(Recorded data)

===

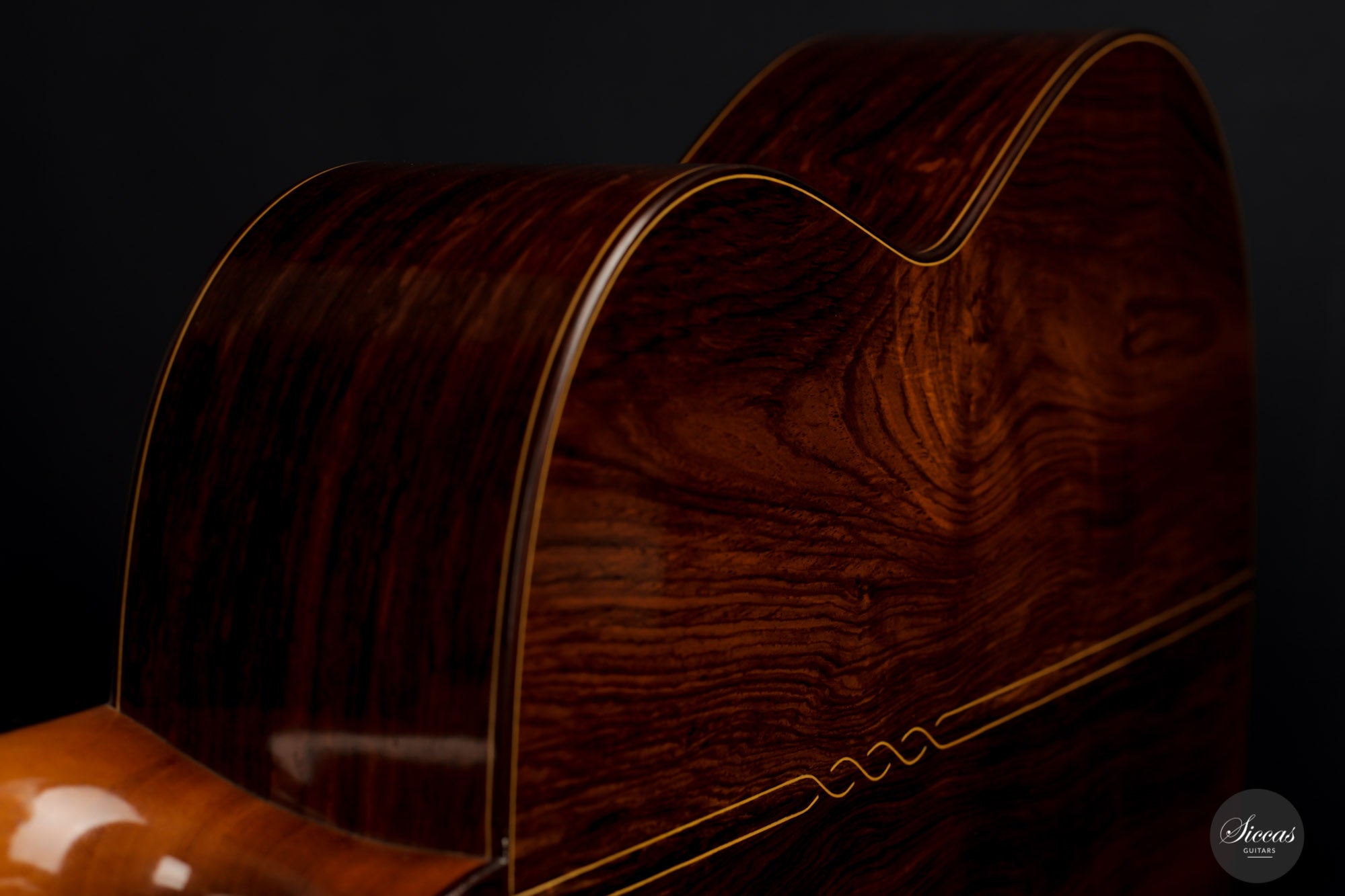 This remarkable 2020 Grand Concert guitar is, as always with Philip, a top-notch instrument. Named “Megan” and featuring a lattice braced super-thin spruce top and Honduras rosewood back and sides, it is an absolute powerhouse. Combining volume, delicacy, and charm, this easy-to-play guitar is in a category of its own. Moreover, it is interesting to note that its condition is outstanding, with close to no playing marks. If you are looking for cathedral-like sound quality in a guitar, look no further, this one is for you.
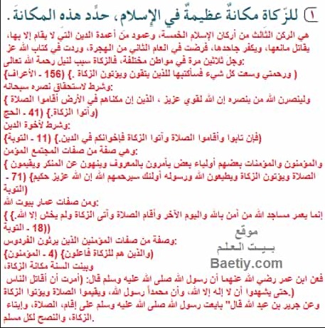 للزكاة مكانة عظيمة في الاسلام حدد هذه المكانة
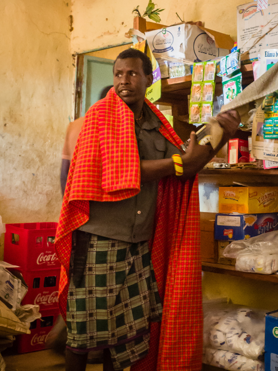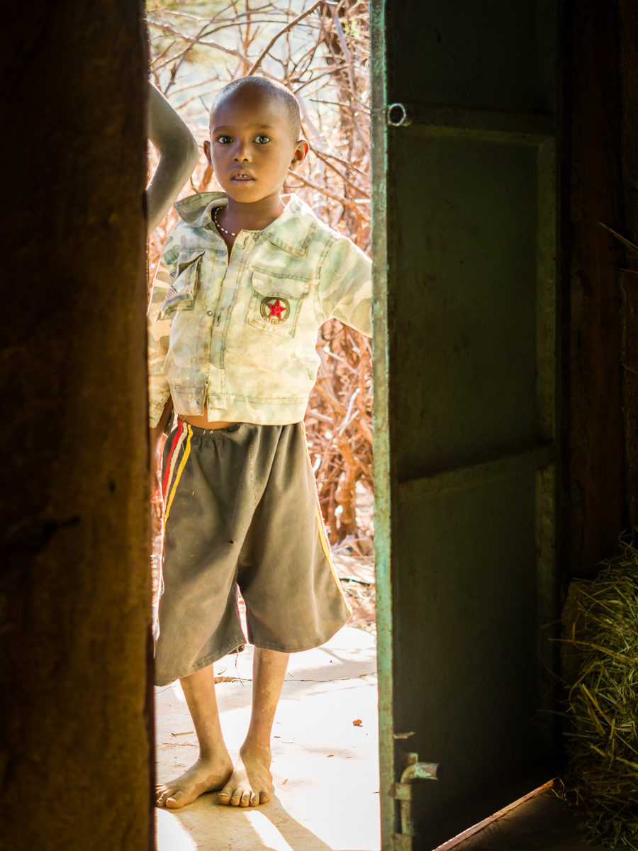 189. Nasz przyjazd do baro-sklepu wzbudził lokalną sensację i z całej wioski zaczęli ściągać zaciekawieni mieszkańcy, głównie dzieci. Tutaj przez drzwi nieśmiało spogląda na "mzungu" młody chłopak.
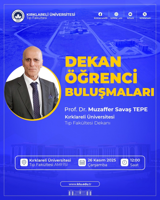 Fakültemiz tarafından düzenlenen “Dekan–Öğrenci Buluşması” etkinliği, 26 Kasım 2025 Çarşamba günü saat 12.00’te, Fakültemiz amfisinde, Dekanımız Prof. Dr. Muzaffer Savaş TEPE’nin katılımıyla gerçekleştirilecektir.
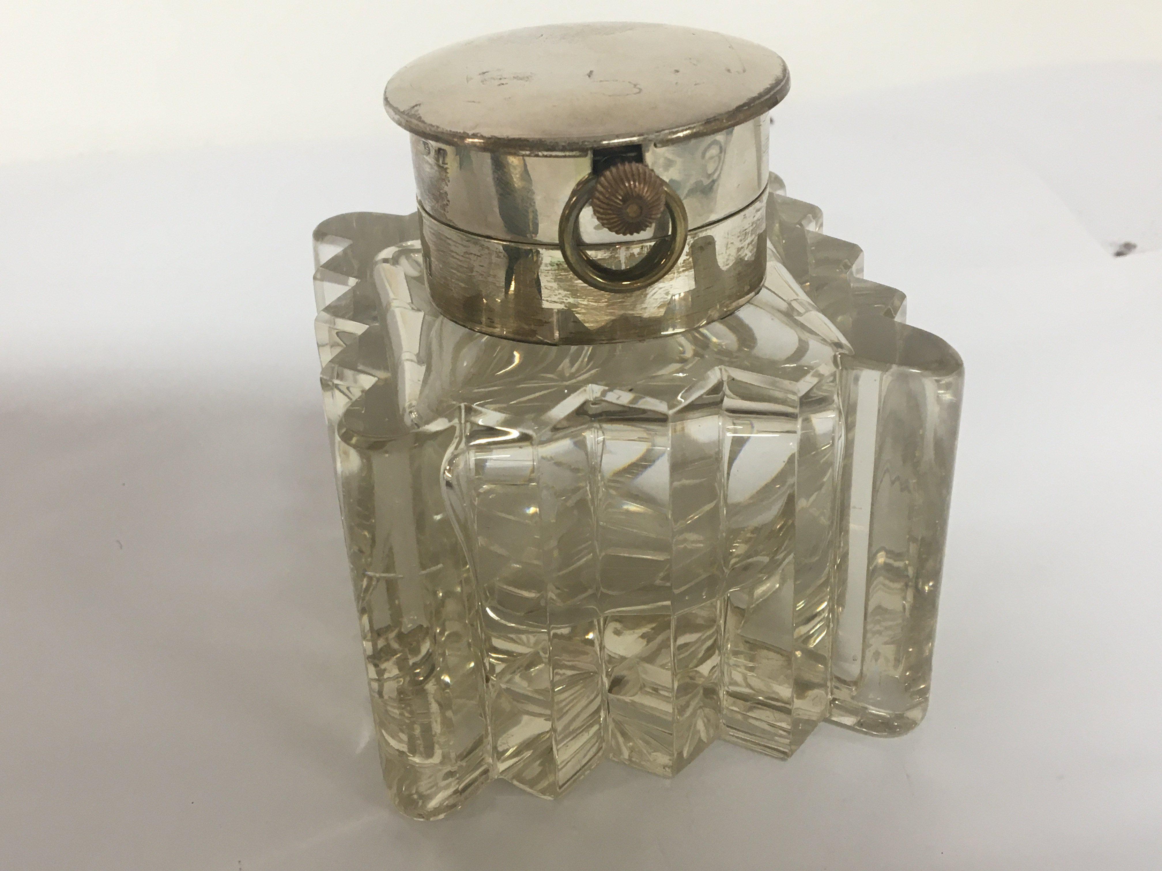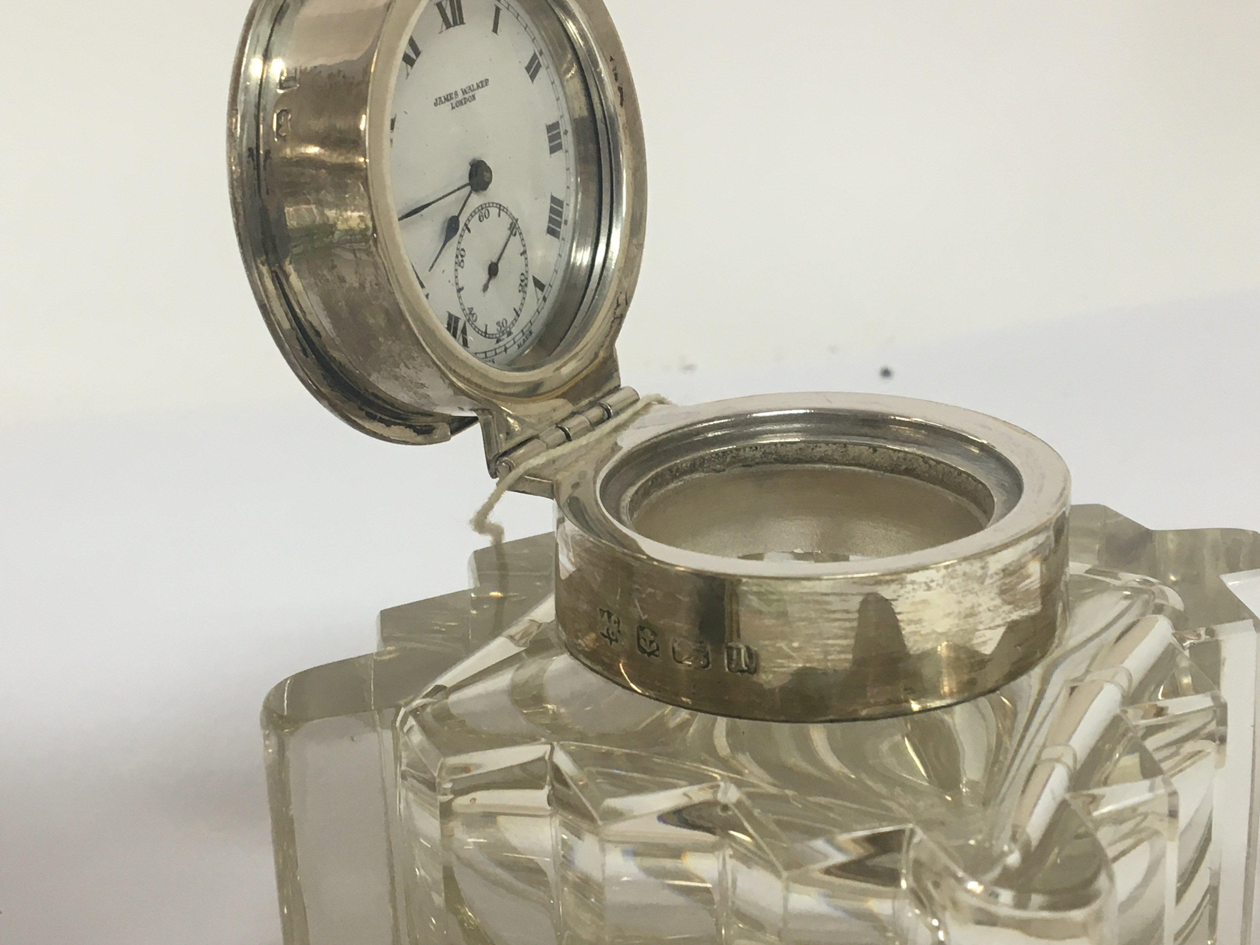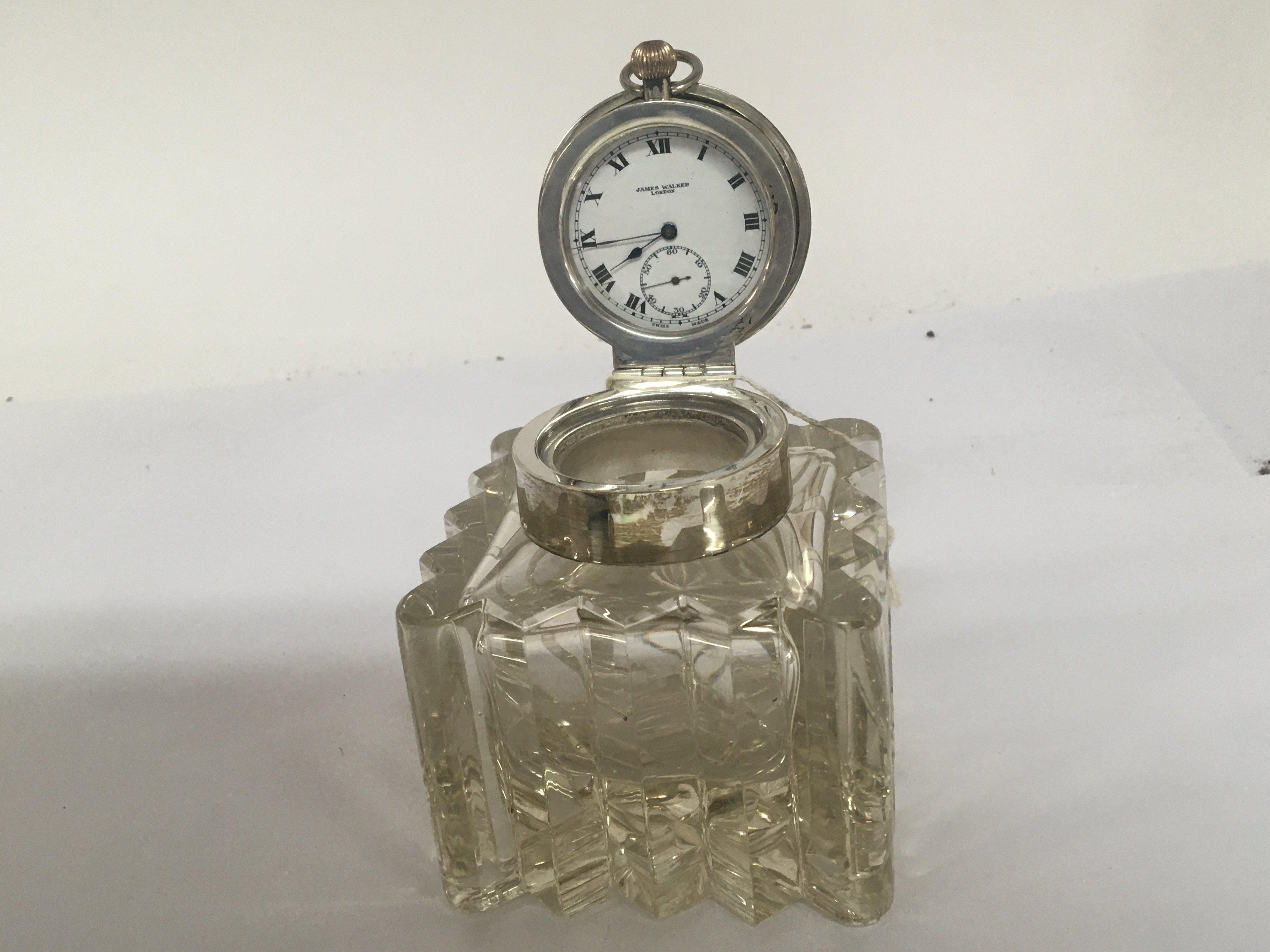 A silver and cut glass novelty ink well the hinged silver cap inset with a button wind pocket watch maker James Walker London. no obvious damage.
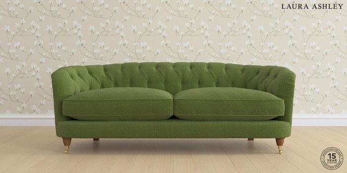 7.0.3 Buy Hathersage by Laura Ashley 3 Seater Sofa Tichwell Olive Green Low Brass Castor - Teak from the Next UK online shop Click here to use our accessible website
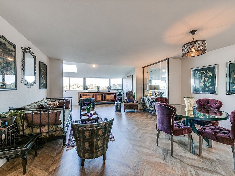 All utilities paid via HOA dues - Includes electricity, internet, cable, water, & trash. One bed, one bath condo in Preston Hollow, walking distance to Preston Center restaurants and shops - 4th floor treetop views from wall of windows, very private (no units above or below) with exceptional finishes and custom closets. Individual HOA-maintained HVAC, deeded storage room. Amenities include heated indoor saltwater pool, gym, library, billiards room, and indoor and outdoor common areas. One secured enclosed garage parking space assigned per licensed driver.
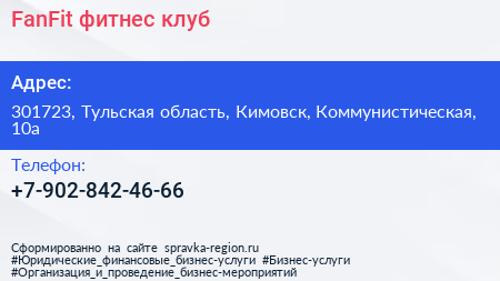 FanFit, фитнес-клуб по адресу 301723, Тульская область, Кимовск, Коммунистическая, 10а в дальнейшем Организация, размещена в следующих категориях:
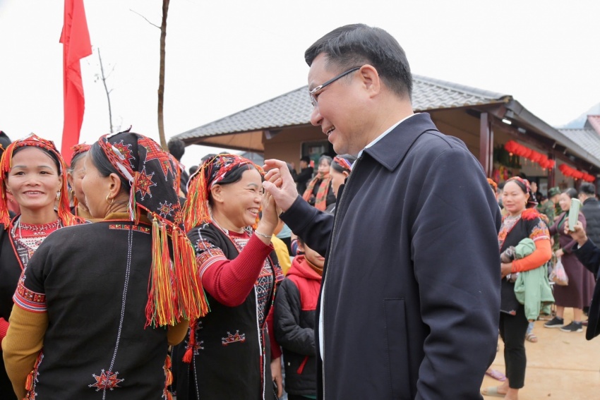| Lãnh đạo Tập đoàn Công nghiệp - Năng lượng Quốc gia Việt Nam và tỉnh Lào Cai thăm các hộ dân thôn Kho Vàng được nhận nhà mới. |
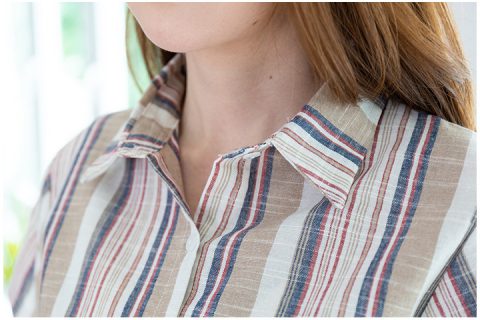 เสื้อเชิ้ตคอปกทรงครอปสั้น ผ่ากระดุมหน้า แขนสั้นทรงสุดชิล ตัดเย็บด้วยผ้าคอตตอนผสมลินิน มี Texture สวย ทอลายริ้วสลับสีน้ำตาลอ่อน-น้ำเงิน-แดง ชายเสื้อโค้งด้านข้างตัวนิดๆ ด้านหน้าสั้นกว่าด้านหลัง ใส่อยู่บ้านก็สวยสบาย หรือวันหยุดแมทช์กับขาสั้นเอวสูง+ผ้าใบซักคู่ ก็ออกนอกบ้านได้ สวยชิลเลย
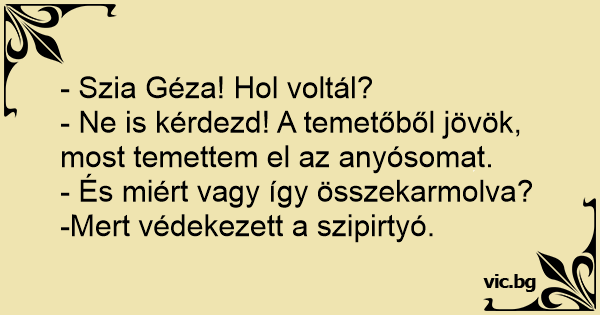 - Ne is kérdezd! A temetőből jövök, most temettem el az anyósomat.
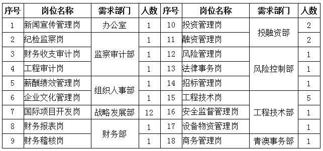 為落實(shí)國(guó)家“一帶一路”戰(zhàn)略,適應(yīng)公司發(fā)展需要,經(jīng)研究,決定面向社會(huì)公開招聘相關(guān)人員,現(xiàn)就有關(guān)事宜公告如下:
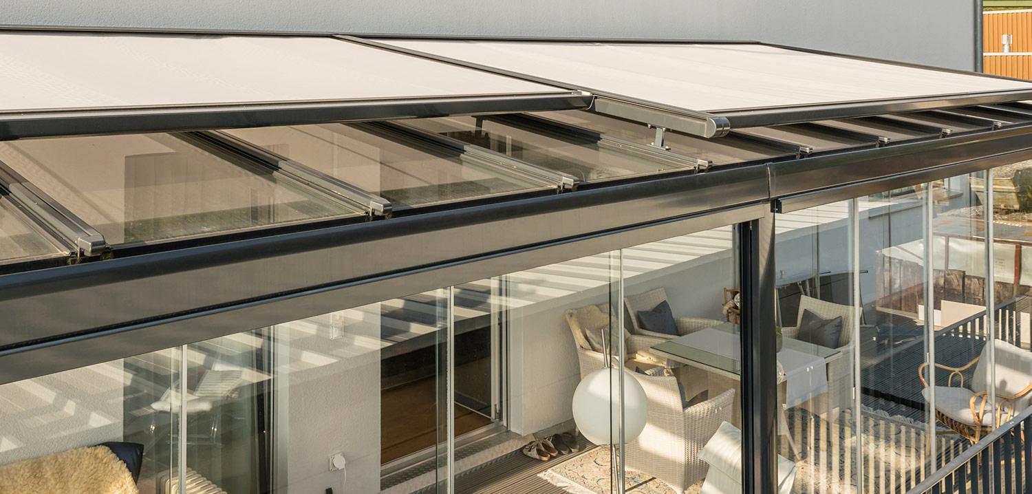 Esto convierte la terraza en un verdadero ambiente intermedio entre interior y exterior, utilizable en cualquier estación del año.
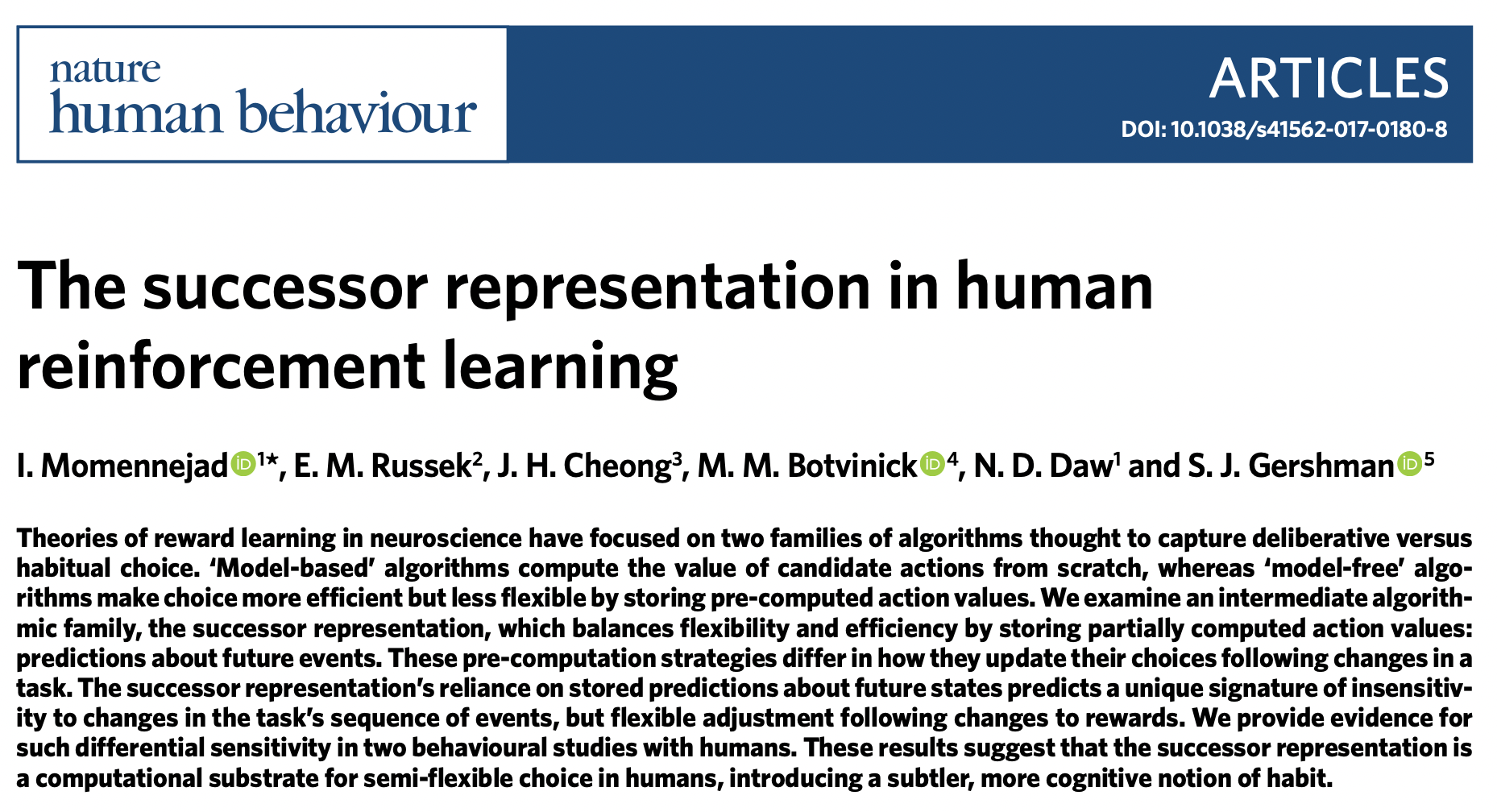 Momennejad et al. (2017). The successor representation in human reinforcement learning.

===

**YOUR ASSIGNMENT**
Set down again, exactly, every line above from the one with "7.0.3 Buy Hathersage" down to the one with "nhận nhà mới. |", both ends included. No pictures, and nothing else.

**ANSWER TO THIS TASK**
 7.0.3 Buy Hathersage by Laura Ashley 3 Seater Sofa Tichwell Olive Green Low Brass Castor - Teak from the Next UK online shop Click here to use our accessible website
 All utilities paid via HOA dues - Includes electricity, internet, cable, water, & trash. One bed, one bath condo in Preston Hollow, walking distance to Preston Center restaurants and shops - 4th floor treetop views from wall of windows, very private (no units above or below) with exceptional finishes and custom closets. Individual HOA-maintained HVAC, deeded storage room. Amenities include heated indoor saltwater pool, gym, library, billiards room, and indoor and outdoor common areas. One secured enclosed garage parking space assigned per licensed driver.
 FanFit, фитнес-клуб по адресу 301723, Тульская область, Кимовск, Коммунистическая, 10а в дальнейшем Организация, размещена в следующих категориях:
| Lãnh đạo Tập đoàn Công nghiệp - Năng lượng Quốc gia Việt Nam và tỉnh Lào Cai thăm các hộ dân thôn Kho Vàng được nhận nhà mới. |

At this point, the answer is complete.